Quote all of the data exactly as given. Skip every picture it contains.

Records provided:
-- Opening Marker --
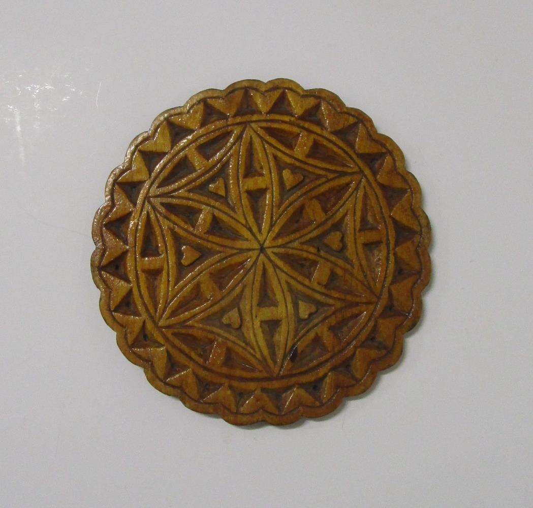 Kringlóttur útskorinn skjöldur. Ingveldur Ástrós Sigmundsdóttir og sonur hennar Sigmundur Magnús lærðu bæði útskurð og ekki er vitað hvort þeirra skar skjöldinn út.
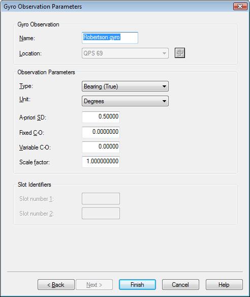 Enter a priori standard deviation for gyro heading(default 0.5°). The accuracy of a gyro is often given as a function of latitude, i.e. secant(latitude)=1/cosine(latitude).
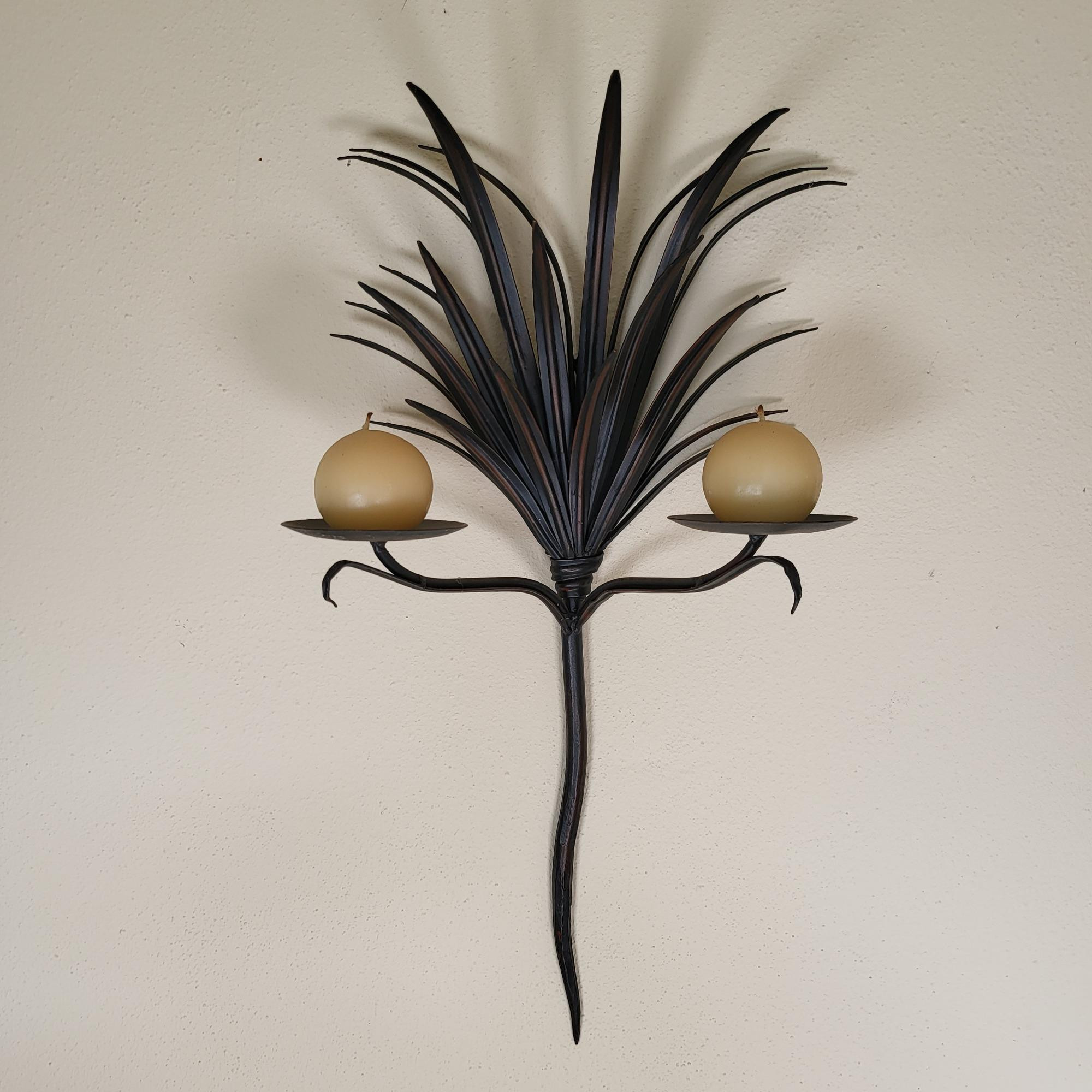 Leafy metal sconce is 21" Tall x 11" Wide x 6" Deep. Candle holder has a spike to keep candle in place and is 3.5" diameter, so can hold a variety of sizes.
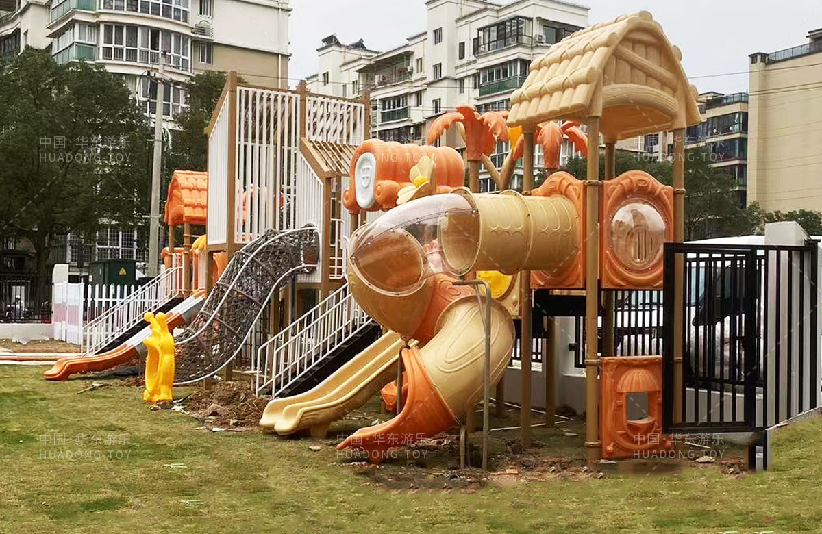 • 永嘉县童真幼儿园是一家专业的学前培训学校,此次选用的儿童游乐设备是乐鱼运动游乐自主研发和设计的大型户外组合滑梯,该滑梯是一款具备了攀爬网、大型滑筒、旋转滑梯、直行走梯、双人滑梯等功能为一体的综合性游乐设备。
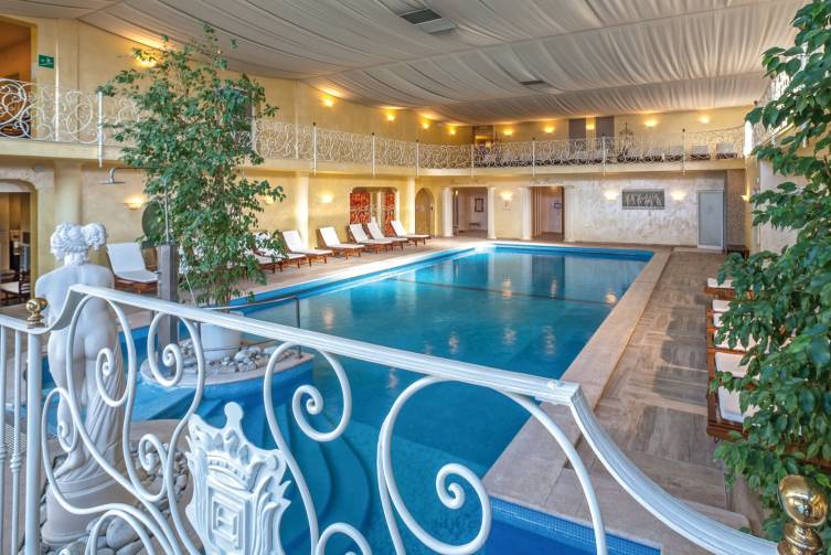 1 Thermalhallen- (ca. 150 m²) und 1 Freischwimmbad (ca. 260 m²) miteinander verbunden mit Hydromassage (geöffnet von 07:30-19:30 Uhr, ca. 32-35 °C), Whirlpool, Gesundheitszentrum mit Kur-, Spa- und Vitalbereich; Schwitzgrotte mit Tauchbecken, Sauna mit Aromatherapie inklusive;
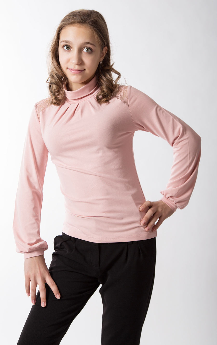 Водолазка сдлинным рукавом, украшена гипюровыми кокетками на плечах
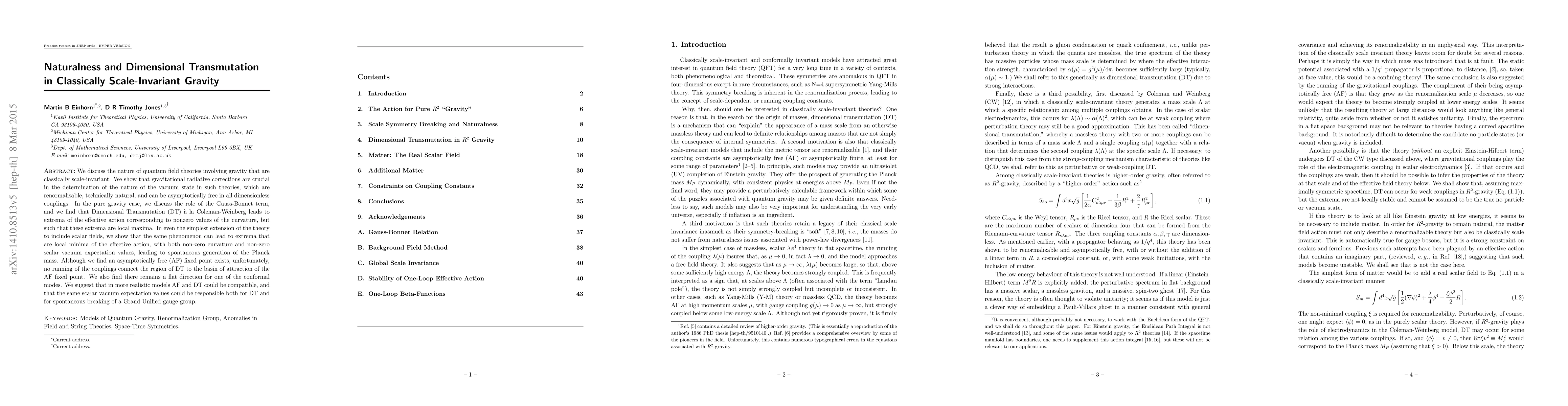 We discuss the nature of quantum field theories involving gravity that are classically scale-invariant. We show that gravitational radiative corrections are crucial in the determination of the nature of the vacuum state in such theories, which are renormalisable, technically natural, and can be asymptotically free in all dimensionless couplings. In the pure gravity case, we discuss the role of the Gauss-Bonnet term, and we find that Dimensional Transmutation (DT) \`a la Coleman-Weinberg leads to extrema of the effective action corresponding to nonzero values of the curvature, but such that these extrema are local maxima. In even the simplest extension of the theory to include scalar fields, we show that the same phenomenon can lead to extrema that are local minima of the effective action, with both non-zero curvature and non-zero scalar vacuum expectation values, leading to spontaneous generation of the Planck mass. Although we find an asymptotically free (AF) fixed point exists, unfortunately, no running of the couplings connect the region of DT to the basin of attraction of the AF fixed point. We also find there remains a flat direction for one of the conformal modes. We suggest that in more realistic models AF and DT could be compatible, and that the same scalar vacuum expectation values could be responsible both for DT and for spontaneous breaking of a Grand Unified gauge group.
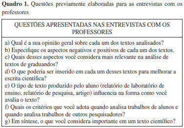 PERCURSO METODOLÓGICO Participaram da pesquisa quatro professores de universidades públicas paulistas. Dois deles são professores pesquisadores da área de química inorgânica, sendo um com 34 anos (PQI-1) e o outro com nove anos (PQI-2) de experiência docente no ensino superior. Os outros dois professores são pesquisadores da área de química orgânica, um deles com seis anos (PQO-1) e o outro com 31 anos (PQO-2) de experiência docente. Cada um dos professores da área de química inorgânica recebeu dois relatórios de laboratórios produzidos por estudantes do quinto semestre de um curso de Bacharelado em Química de uma universidade pública paulista. Tais relatórios foram elaborados com base nas atividades desenvolvidas em uma disciplina de caráter experimental que aborda a síntese e caracterização de compostos de coordenação. Os relatórios entregues aos professores continham os resultados e discussão de todos os compostos sintetizados pelos alunos durante o semestre. Para a produção dos relatórios, estes receberam instruções básicas sobre a organização geral de relatório de laboratório.13 Cada um dos professores da área de química orgânica recebeu dois textos no formato de artigo científico, os quais foram produzidos por estudantes do terceiro semestre de um curso de Bacharelado em Química de uma universidade pública paulista no contexto das atividades desenvolvidas em uma disciplina de caráter teórico da área de química orgânica. Para elaboração dos textos os estudantes receberam dados experimentais coletados em laboratório de ensino de química orgânica, os quais foram fornecidos pelo professor da disciplina. Cabe destacar que são oferecidas a tais estudantes nos semestres anteriores duas disciplinas nas quais são discutidos, dentre outros assuntos, aspectos relacionados à organização de diversos tipos de textos científicos. Os textos dos estudantes foram entregues aos professores de cada área sem a identificação da disciplina e da instituição na qual foram desenvolvidos e sem a identificação da autoria. Solicitamos aos professores que avaliassem a qualidade da escrita científica dos textos, informando-lhes apenas que estes haviam sido produzidos por estudantes de graduação em química. Não especificamos quais aspectos do texto deveriam considerar na análise. Em posterior data e horário, realizamos entrevistas individuais semiestruturadas gravadas em áudio e adotamos em todas elas um mesmo roteiro previamente elaborado (Quadro 1).
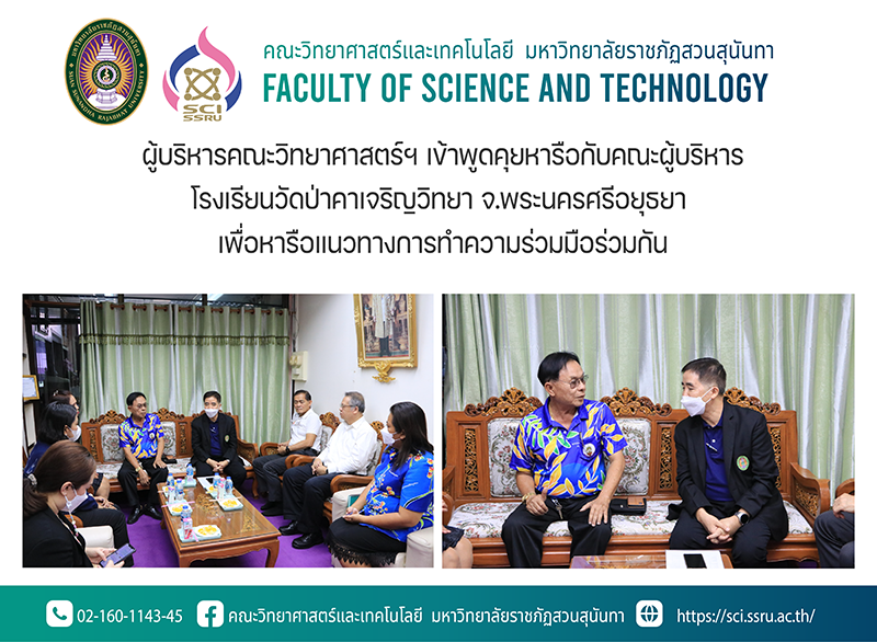 วันศุกร์ที่ 17 พฤศจิกายน 2566 เวลา 10.00 น. รองศาสตราจารย์ ดร.ชัยศรี ธาราสวัสดิ์พิพัฒน์ คณบดีคณะวิทยาศาสตร์และเทคโนโลยี พร้อมด้วย ผู้ช่วยศาสตราจารย์ ดร.ฒาลิศา เนียมมณี รองคณบดีฝ่ายบริหาร อาจารย์และเจ้าหน้าที่ที่เกี่ยวข้อง เข้าพบคณะผู้บริหารโรงเรียนวัดป่าคาเจริญวิทยา อำเภอบางไทร จังหวัดพระนครศรีอยุธยา เพื่อหารือแนวทางการทำความร่วมมือร่วมกัน และการจัดกิจกรรมต่างๆ ให้กับนักเรียนและบุคลากร
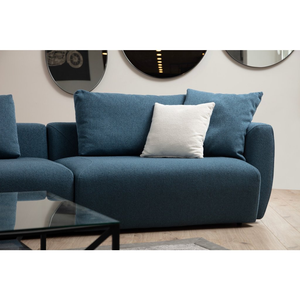Pohovka je čalouněná látkou v modrém odstínu a výborně tak doplní moderně zařízené interiéry, do kterých vnese útulnou atmosféru. MAYA vynikne ve světlých i tmavých prostorech. Váš obývací pokoj perfektně doladíte nábytkem z kovu nebo s kovovými doplňky. Pohovka je dostupná také v jiných variantách.
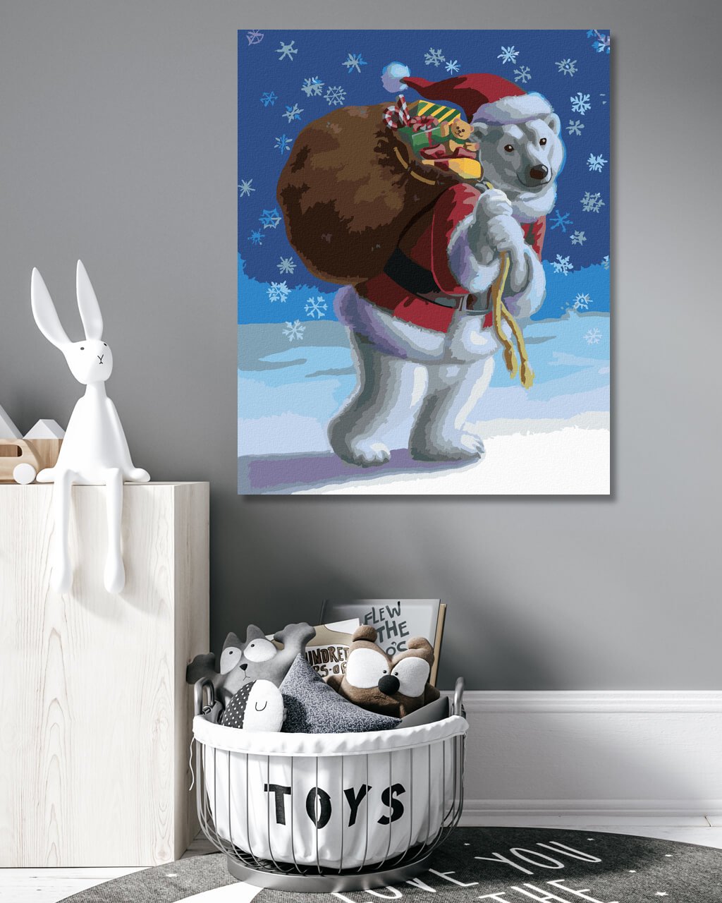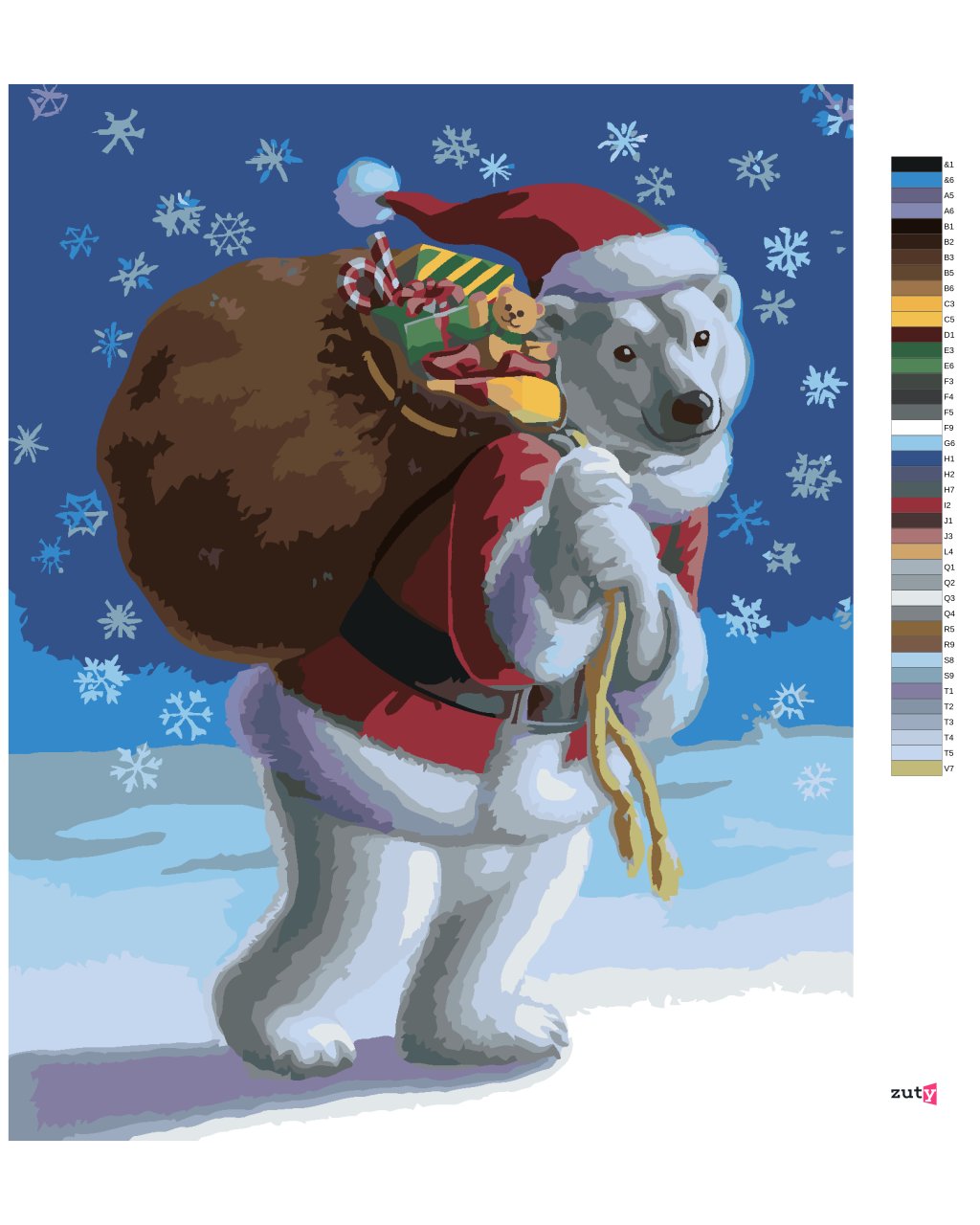 Maľovanie podľa čísel - MEDVEDÍK PREZLEČENÝ ZA SANTU (SUE ELLEN BROWN)
-- Closing Marker --
Task solution:
 Kringlóttur útskorinn skjöldur. Ingveldur Ástrós Sigmundsdóttir og sonur hennar Sigmundur Magnús lærðu bæði útskurð og ekki er vitað hvort þeirra skar skjöldinn út.
 Enter a priori standard deviation for gyro heading(default 0.5°). The accuracy of a gyro is often given as a function of latitude, i.e. secant(latitude)=1/cosine(latitude).
 Leafy metal sconce is 21" Tall x 11" Wide x 6" Deep. Candle holder has a spike to keep candle in place and is 3.5" diameter, so can hold a variety of sizes.
 • 永嘉县童真幼儿园是一家专业的学前培训学校,此次选用的儿童游乐设备是乐鱼运动游乐自主研发和设计的大型户外组合滑梯,该滑梯是一款具备了攀爬网、大型滑筒、旋转滑梯、直行走梯、双人滑梯等功能为一体的综合性游乐设备。
 1 Thermalhallen- (ca. 150 m²) und 1 Freischwimmbad (ca. 260 m²) miteinander verbunden mit Hydromassage (geöffnet von 07:30-19:30 Uhr, ca. 32-35 °C), Whirlpool, Gesundheitszentrum mit Kur-, Spa- und Vitalbereich; Schwitzgrotte mit Tauchbecken, Sauna mit Aromatherapie inklusive;
 Водолазка сдлинным рукавом, украшена гипюровыми кокетками на плечах
 We discuss the nature of quantum field theories involving gravity that are classically scale-invariant. We show that gravitational radiative corrections are crucial in the determination of the nature of the vacuum state in such theories, which are renormalisable, technically natural, and can be asymptotically free in all dimensionless couplings. In the pure gravity case, we discuss the role of the Gauss-Bonnet term, and we find that Dimensional Transmutation (DT) \`a la Coleman-Weinberg leads to extrema of the effective action corresponding to nonzero values of the curvature, but such that these extrema are local maxima. In even the simplest extension of the theory to include scalar fields, we show that the same phenomenon can lead to extrema that are local minima of the effective action, with both non-zero curvature and non-zero scalar vacuum expectation values, leading to spontaneous generation of the Planck mass. Although we find an asymptotically free (AF) fixed point exists, unfortunately, no running of the couplings connect the region of DT to the basin of attraction of the AF fixed point. We also find there remains a flat direction for one of the conformal modes. We suggest that in more realistic models AF and DT could be compatible, and that the same scalar vacuum expectation values could be responsible both for DT and for spontaneous breaking of a Grand Unified gauge group.
 PERCURSO METODOLÓGICO Participaram da pesquisa quatro professores de universidades públicas paulistas. Dois deles são professores pesquisadores da área de química inorgânica, sendo um com 34 anos (PQI-1) e o outro com nove anos (PQI-2) de experiência docente no ensino superior. Os outros dois professores são pesquisadores da área de química orgânica, um deles com seis anos (PQO-1) e o outro com 31 anos (PQO-2) de experiência docente. Cada um dos professores da área de química inorgânica recebeu dois relatórios de laboratórios produzidos por estudantes do quinto semestre de um curso de Bacharelado em Química de uma universidade pública paulista. Tais relatórios foram elaborados com base nas atividades desenvolvidas em uma disciplina de caráter experimental que aborda a síntese e caracterização de compostos de coordenação. Os relatórios entregues aos professores continham os resultados e discussão de todos os compostos sintetizados pelos alunos durante o semestre. Para a produção dos relatórios, estes receberam instruções básicas sobre a organização geral de relatório de laboratório.13 Cada um dos professores da área de química orgânica recebeu dois textos no formato de artigo científico, os quais foram produzidos por estudantes do terceiro semestre de um curso de Bacharelado em Química de uma universidade pública paulista no contexto das atividades desenvolvidas em uma disciplina de caráter teórico da área de química orgânica. Para elaboração dos textos os estudantes receberam dados experimentais coletados em laboratório de ensino de química orgânica, os quais foram fornecidos pelo professor da disciplina. Cabe destacar que são oferecidas a tais estudantes nos semestres anteriores duas disciplinas nas quais são discutidos, dentre outros assuntos, aspectos relacionados à organização de diversos tipos de textos científicos. Os textos dos estudantes foram entregues aos professores de cada área sem a identificação da disciplina e da instituição na qual foram desenvolvidos e sem a identificação da autoria. Solicitamos aos professores que avaliassem a qualidade da escrita científica dos textos, informando-lhes apenas que estes haviam sido produzidos por estudantes de graduação em química. Não especificamos quais aspectos do texto deveriam considerar na análise. Em posterior data e horário, realizamos entrevistas individuais semiestruturadas gravadas em áudio e adotamos em todas elas um mesmo roteiro previamente elaborado (Quadro 1).
 วันศุกร์ที่ 17 พฤศจิกายน 2566 เวลา 10.00 น. รองศาสตราจารย์ ดร.ชัยศรี ธาราสวัสดิ์พิพัฒน์ คณบดีคณะวิทยาศาสตร์และเทคโนโลยี พร้อมด้วย ผู้ช่วยศาสตราจารย์ ดร.ฒาลิศา เนียมมณี รองคณบดีฝ่ายบริหาร อาจารย์และเจ้าหน้าที่ที่เกี่ยวข้อง เข้าพบคณะผู้บริหารโรงเรียนวัดป่าคาเจริญวิทยา อำเภอบางไทร จังหวัดพระนครศรีอยุธยา เพื่อหารือแนวทางการทำความร่วมมือร่วมกัน และการจัดกิจกรรมต่างๆ ให้กับนักเรียนและบุคลากร
Pohovka je čalouněná látkou v modrém odstínu a výborně tak doplní moderně zařízené interiéry, do kterých vnese útulnou atmosféru. MAYA vynikne ve světlých i tmavých prostorech. Váš obývací pokoj perfektně doladíte nábytkem z kovu nebo s kovovými doplňky. Pohovka je dostupná také v jiných variantách.
 Maľovanie podľa čísel - MEDVEDÍK PREZLEČENÝ ZA SANTU (SUE ELLEN BROWN)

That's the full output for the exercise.